US 12,450,271 B2
	Computerized systems and methods for semantic searching
Joseph Cainey, London (GB); Jyoti Mishra, London (GB); Jakob Nielsen, Copenhagen (DK); Bjorn Arnholtz, Soborg (DK); and Gary Engelbert, London (GB)
Assigned to WORKDAY, INC., Pleasanton, CA (US)
Filed by WORKDAY, INC., Pleasanton, CA (US)
Filed on Mar. 29, 2022, as Appl. No. 17/707,335.
Prior Publication US 2023/0315768 A1, Oct. 5, 2023
Int. Cl. G06F 16/334 (2025.01); G06F 16/36 (2019.01)
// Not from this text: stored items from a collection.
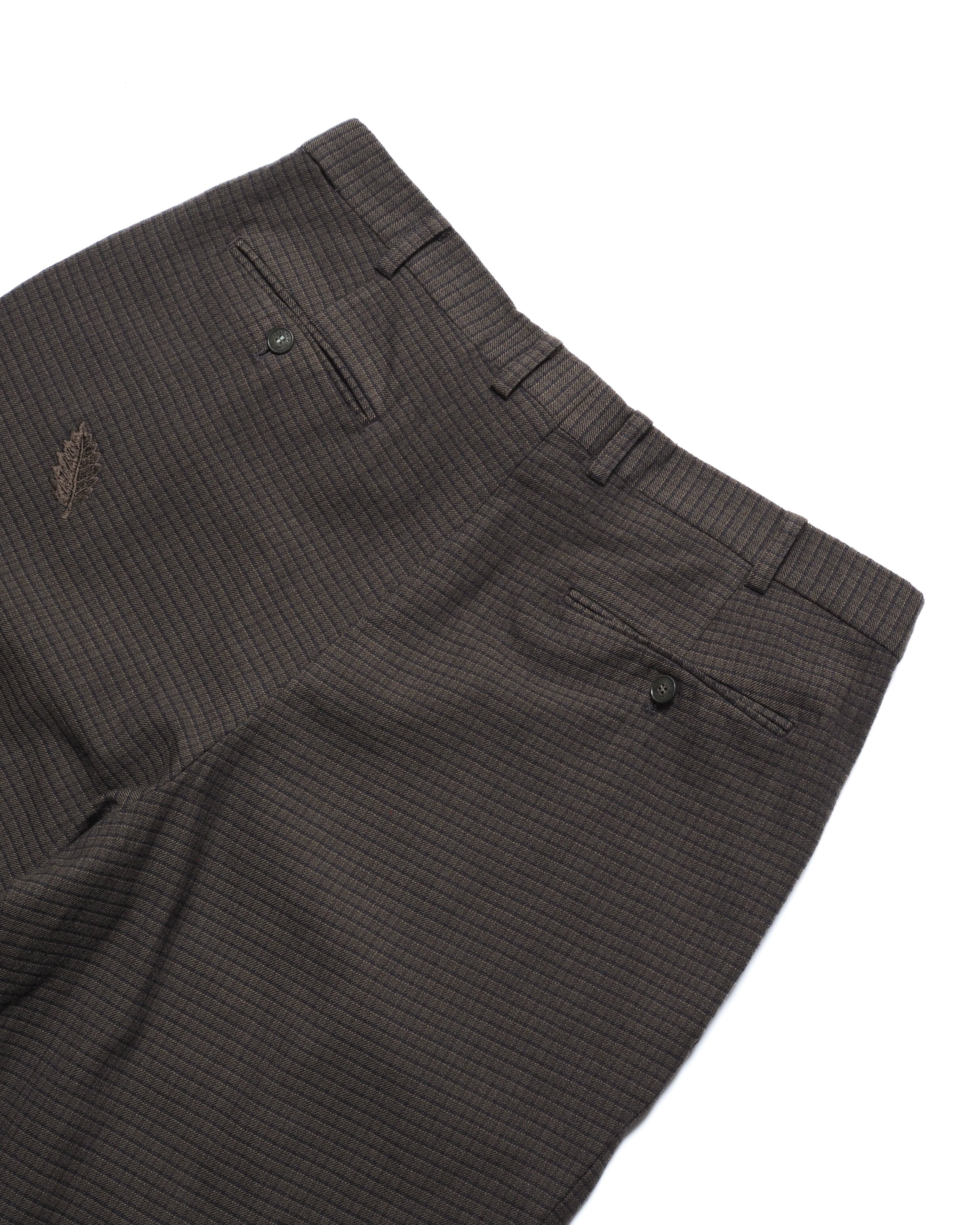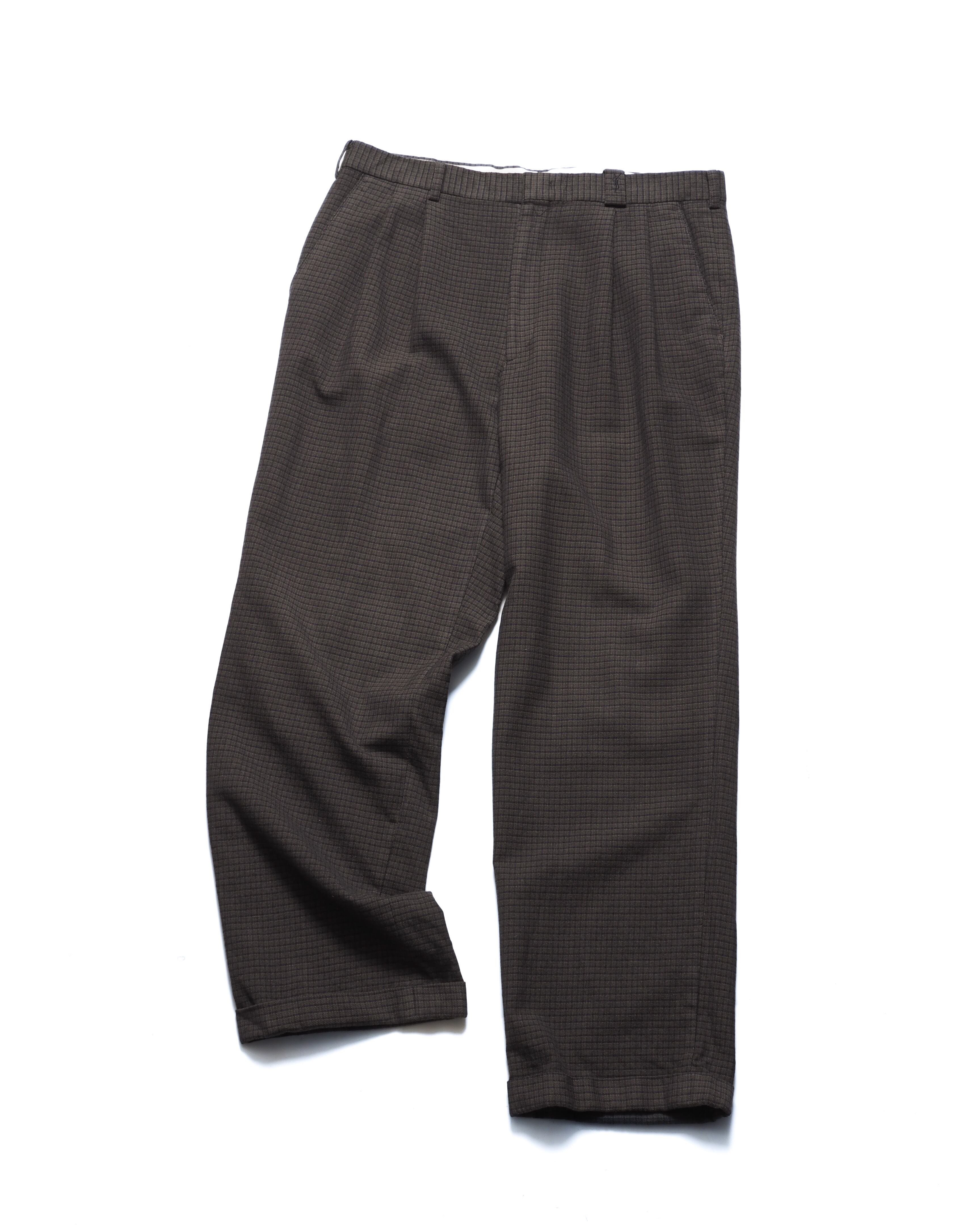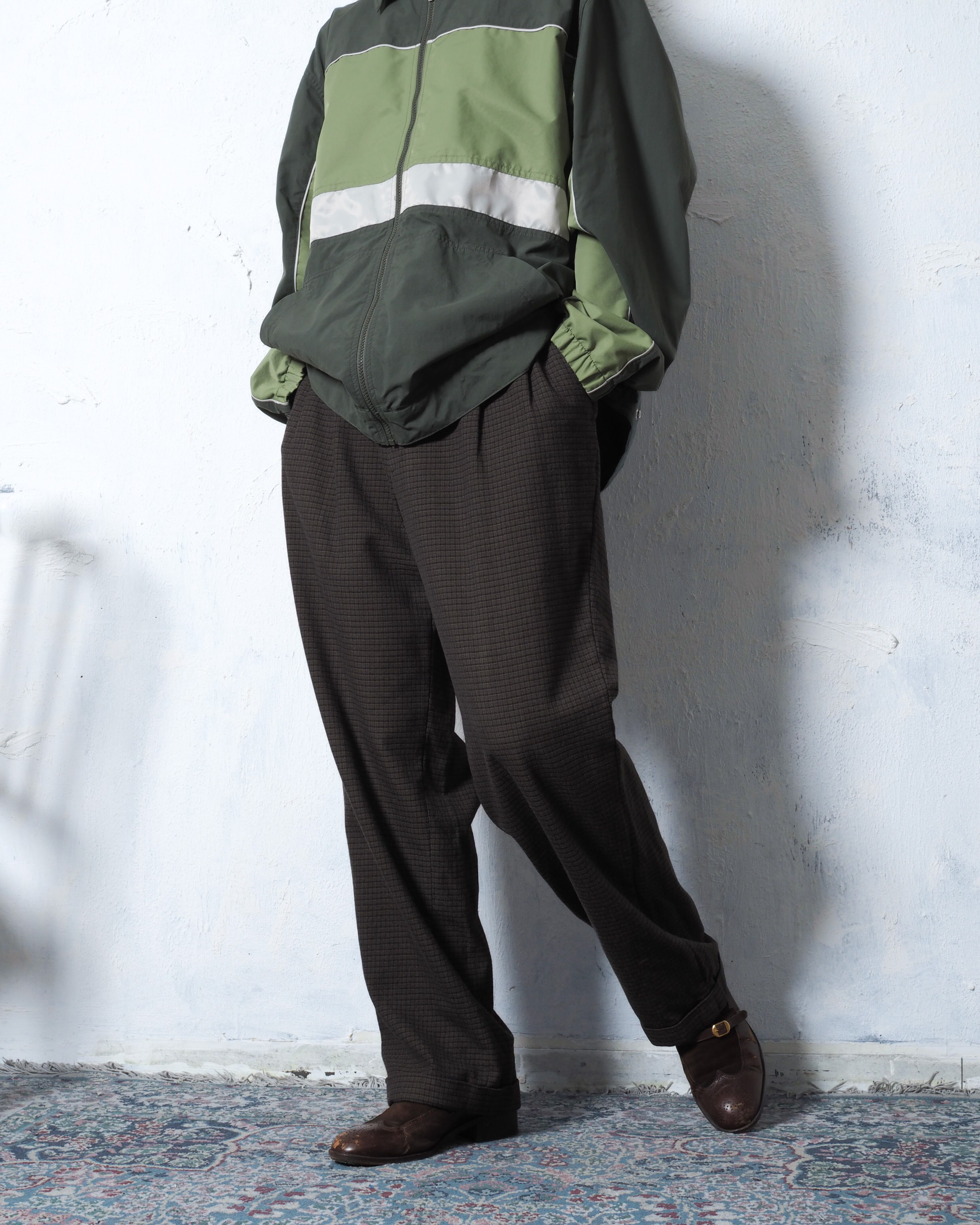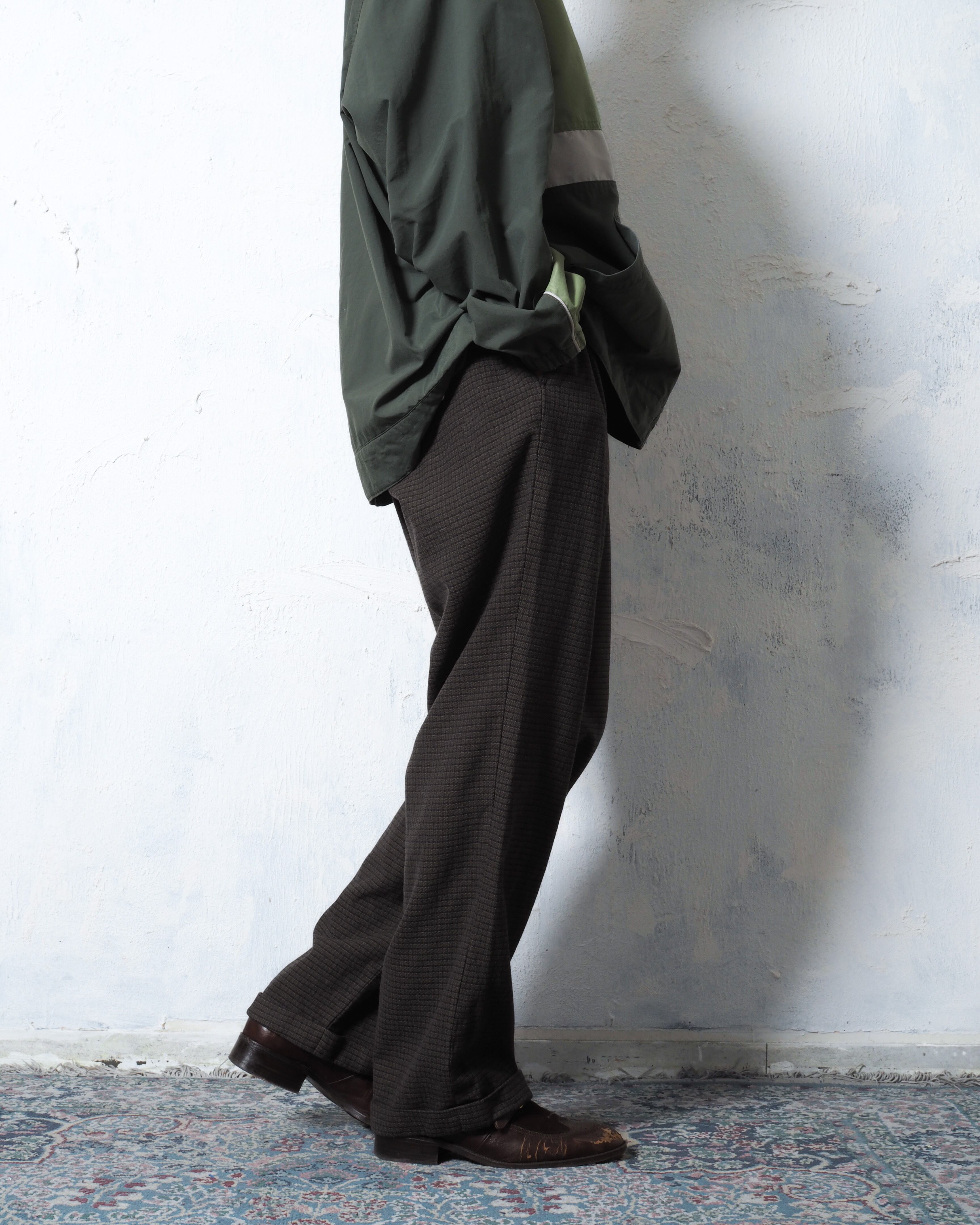 カーキにブラックのチェック、裾はダブルでワタリ幅もしっかりと採られたクラシカルスラックス
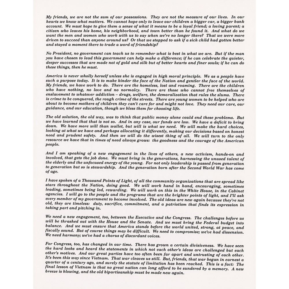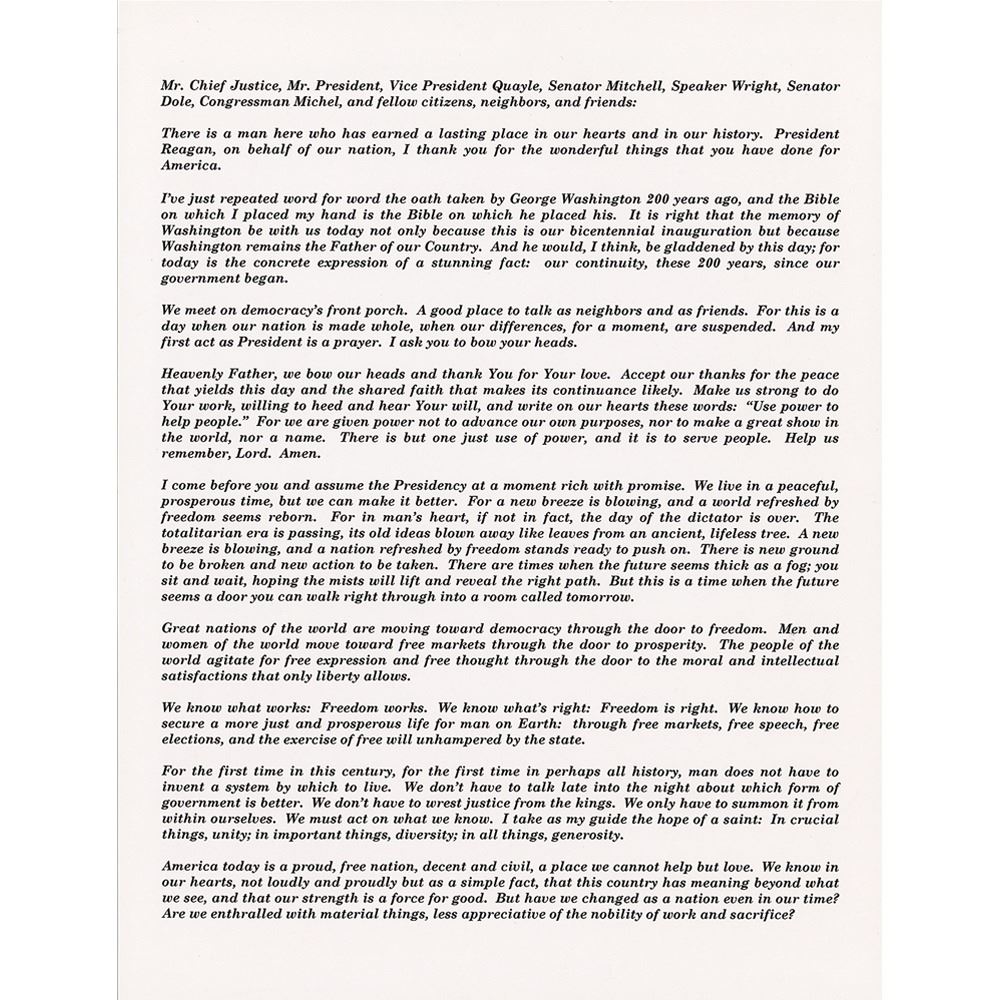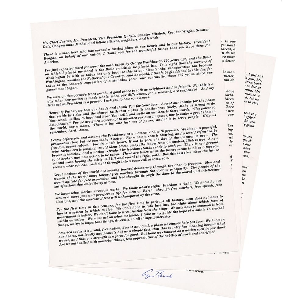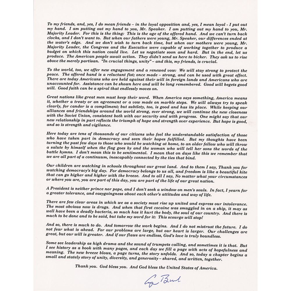 TQS, three pages, 10 x 13, signed at the conclusion in blue ballpoint, "George Bush." Interesting oversized typescript of Bush's inaugural address, given on January 20, 1989, in part: "I have just repeated word for word the oath taken by George Washington 200 years ago, and the Bible on which I placed my hand is the Bible on which he placed his. It is right that the memory of Washington be with us today, not only because this is our Bicentennial Inauguration, but because Washington remains the Father of our Country. And he would, I think, be gladdened by this day; for today is the concrete expression of a stunning fact: our continuity these 200 years since our government began." In very fine condition.
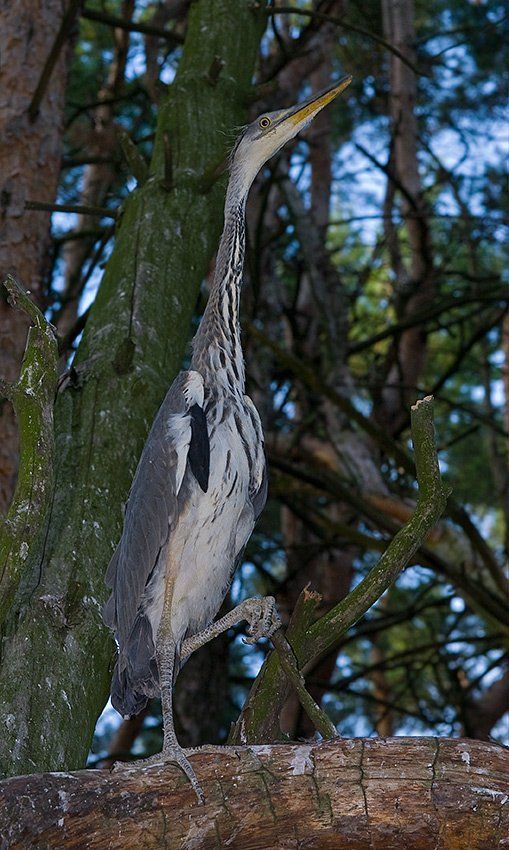 Сьёмка в июле в Панинском лесу Рязанской области. Цаплёнок выпал из гнезда и сидел на поваленном дереве на высоте 3 метров. Летать он не мог и только сидел и гордо смотрел вперёд с независимым видом. И хотя родители спускались к нему и кормили его он был уже обречён. Я посещал этого цаплёнка два раза и фотографировал его, на третий мой приезд, через 4 дня под деревом лежали недоеденные лисой перья. Закон природы...
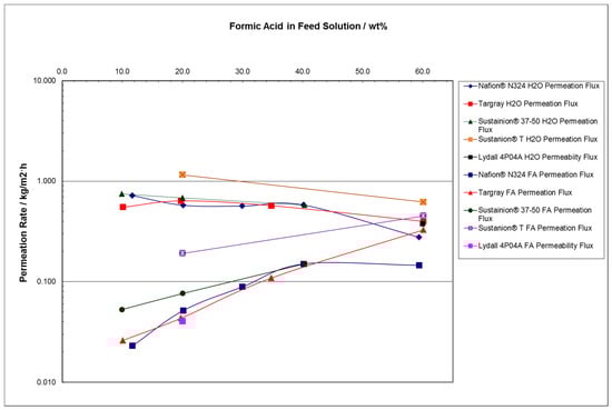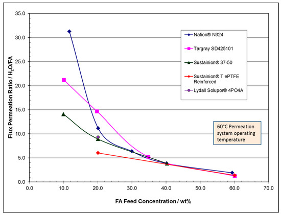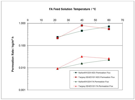 - At FA feed concentrations of 10 to 25 wt%, the water permeation mass flux rate was found to be relatively constant for most of the membrane separator materials, around 0.78 kg/m2 h for H2O and a much lower mass permeation flux rate for FA at 0.026 kg/m2 h for temperatures in the 22 to 60 °C range.
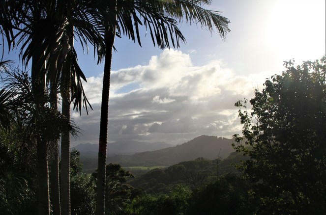 This afternoon, I had another visitor in my front garden, right near the front door. Yesterday it was the Pee Wees and a Butcher Bird – today, a Kookaburra. It’s my guess that the birds enjoy the coolness of my front garden, which is why they have been spending time there during the afternoon of the past two days. The weather has warmed again, but the humidity isn’t too bad at all.
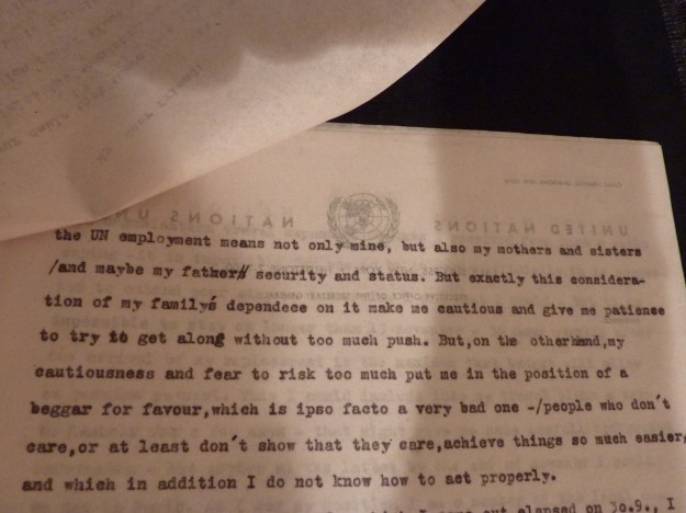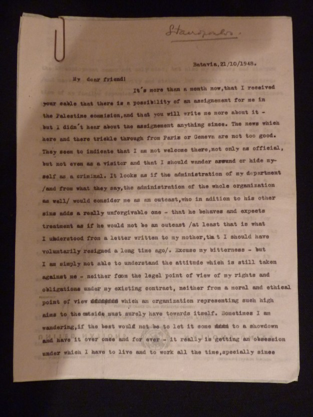 “It’s more than a month now, that I received your cable that there is a possibility of an assigment for me in the Palestine commision, and that you will write me more about it – but I didn’t hear about the assignment anything since. The news which here and there trickle through from Paris or Geneva are not too good. They seem to indicate that I am not welcome there, not only as official, but not even as a visitor and that I should wander around or hide myself as a criminal. It looks as if the administration of my department /and from what they say, the administration of the whole organization as well/ would consider me as an outcast, who in addition to his other sins adds a really unforgivable one – that he behaves and expects treatment as if he would not be an outcast /at least that is what I understood from a letter written to my mother, that I should have voluntarily resigned a long time ago/. Excuse my bitterness – but I am simply not able to understand the attitude which is still taken against me – neither from the legal point of view of my rights and obligations under my existing contract, neither from a moral and ethical point of view which an organization representing such high aims to the outside must surely have towards itself. Sometimes I am [wondering], if the best would not be to let it come to a showdown and have it over once and for ever – it really is getting and obsession under which I have to live and to work all the time, specially since the UN employment means not only mine, but also my mothers and sisters /and maybe my fathers/ security and status. But exactly this consideration of my family’s dependence on it make me cautious and give me patience to try to get along without too much push. But, on the other hand, my cautiousness and fear to risk too much put me in the position of a beggar for favour, which is ipso facto a very bad one -/people who don’t care, or at least don’t show that they care, achieve things so much easier/- and which in addition I do not know how to act properly.[…]”
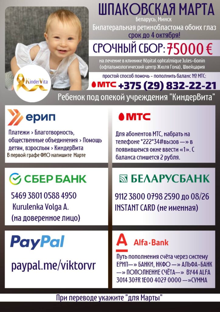 В этот миг моя душа и сердце разбились на миллион осколков криком отчаяния, истерикой и диким ужасом. Наши врачи сделали всё, что могли, они не в силах помочь... Но в Швейцарии известный профессор Мунье сотворил не одно чудо, он спасал детские жизни и возвращал зрение. У Марты есть все шансы спасти глаза и свою жизнь, но, чтобы уехать и начать лечение, необходимо 75000 евро (с учетом дополнительных расходов на перелет, длительное проживание, переводчика и оформление виз). Уже 7 октября малышку ждут в клинике!
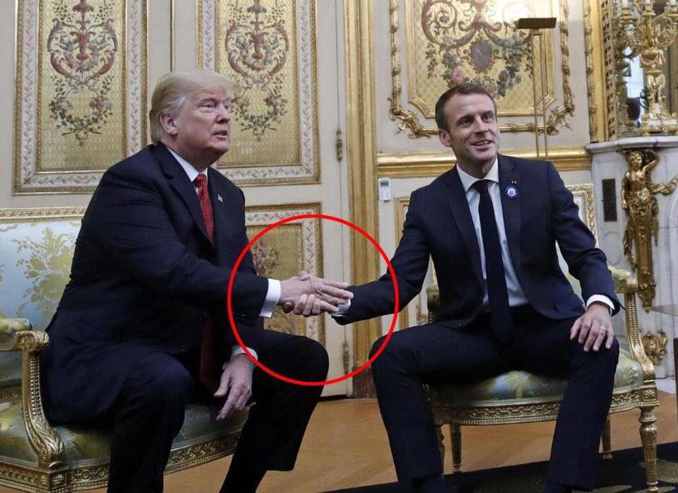 10 ноября соцсети облетело забавное фото, на котором президенты США и Франции странным образом жмут друг другу руки.

CPC G06F 16/334 (2019.01) [G06F 16/36 (2019.01)]

17 Claims

1. A method comprising:

receiving, by a device, a search request comprising a character string;

converting, by the device, the search request into a word embedding as an n-dimensional search vector using a machine learning model;

comparing, by the device, the word embedding against a plurality of word embeddings;

determining, by the device, a similarity measure between the word embedding and each of the plurality of word embeddings stored in a database, wherein the plurality of word embeddings correspond to survey data comprising user responses to survey questions and user-provided comments relating to the survey questions, wherein the survey data is collected from respondents and includes structured feedback ratings and unstructured textual comments;

determining a similarity threshold by generating a set of sub-bands, each sub-band associated with different minimum and maximum similarity measures, selecting random word embeddings from each sub-band, receiving a user selection of at least one of the random word embeddings to use as a search result, and setting the similarity threshold based on a similarity measure of the user-selected random word embedding;

comparing, by the device, each determined similarity measure to the similarity threshold;

identifying, by the device, a set of word embeddings, wherein each word embedding in the set of word embeddings has a similarity measure at least satisfying the similarity threshold;

identifying, by the device, a set of terms comprising survey data terms that corresponds to the set of word embeddings by reverse transforming the word embeddings to retrieve the original survey comments and responses;

outputting, by the device, for display within a graphical user interface having interactive filtering tools, the survey data terms in ranked order with corresponding relevance scores, wherein the graphical user interface enables further filtering of results, the set of terms;

storing the word embedding and a search result relevance label in a database; and

re-training the machine learning model using the stored word embedding and the search result relevance label.